» **PROBLEM**: Pictures are to be left out, and only the lines from the one containing "物理コース「なみなみならぬ波" through the last line of the data are to be returned exactly.

» **DATASET EXCERPT**:
**********

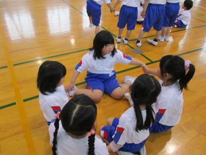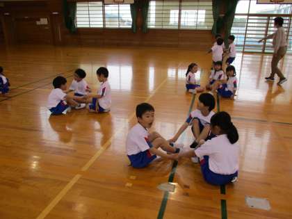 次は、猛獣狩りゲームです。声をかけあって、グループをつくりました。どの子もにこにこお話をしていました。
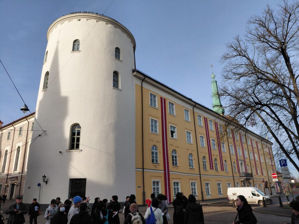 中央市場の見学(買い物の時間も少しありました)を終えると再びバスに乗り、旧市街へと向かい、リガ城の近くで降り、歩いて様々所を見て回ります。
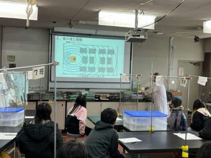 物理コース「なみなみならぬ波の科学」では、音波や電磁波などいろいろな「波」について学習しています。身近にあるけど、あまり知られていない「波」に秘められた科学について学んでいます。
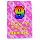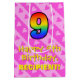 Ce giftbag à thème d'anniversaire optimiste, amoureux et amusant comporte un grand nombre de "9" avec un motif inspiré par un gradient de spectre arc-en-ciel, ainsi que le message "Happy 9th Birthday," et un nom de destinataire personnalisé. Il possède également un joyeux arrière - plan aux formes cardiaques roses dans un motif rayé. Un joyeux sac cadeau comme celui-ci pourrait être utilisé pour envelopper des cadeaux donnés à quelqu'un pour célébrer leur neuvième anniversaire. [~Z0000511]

**********

» **PROBLEM SOLUTION**:
 物理コース「なみなみならぬ波の科学」では、音波や電磁波などいろいろな「波」について学習しています。身近にあるけど、あまり知られていない「波」に秘められた科学について学んでいます。
 Ce giftbag à thème d'anniversaire optimiste, amoureux et amusant comporte un grand nombre de "9" avec un motif inspiré par un gradient de spectre arc-en-ciel, ainsi que le message "Happy 9th Birthday," et un nom de destinataire personnalisé. Il possède également un joyeux arrière - plan aux formes cardiaques roses dans un motif rayé. Un joyeux sac cadeau comme celui-ci pourrait être utilisé pour envelopper des cadeaux donnés à quelqu'un pour célébrer leur neuvième anniversaire. [~Z0000511]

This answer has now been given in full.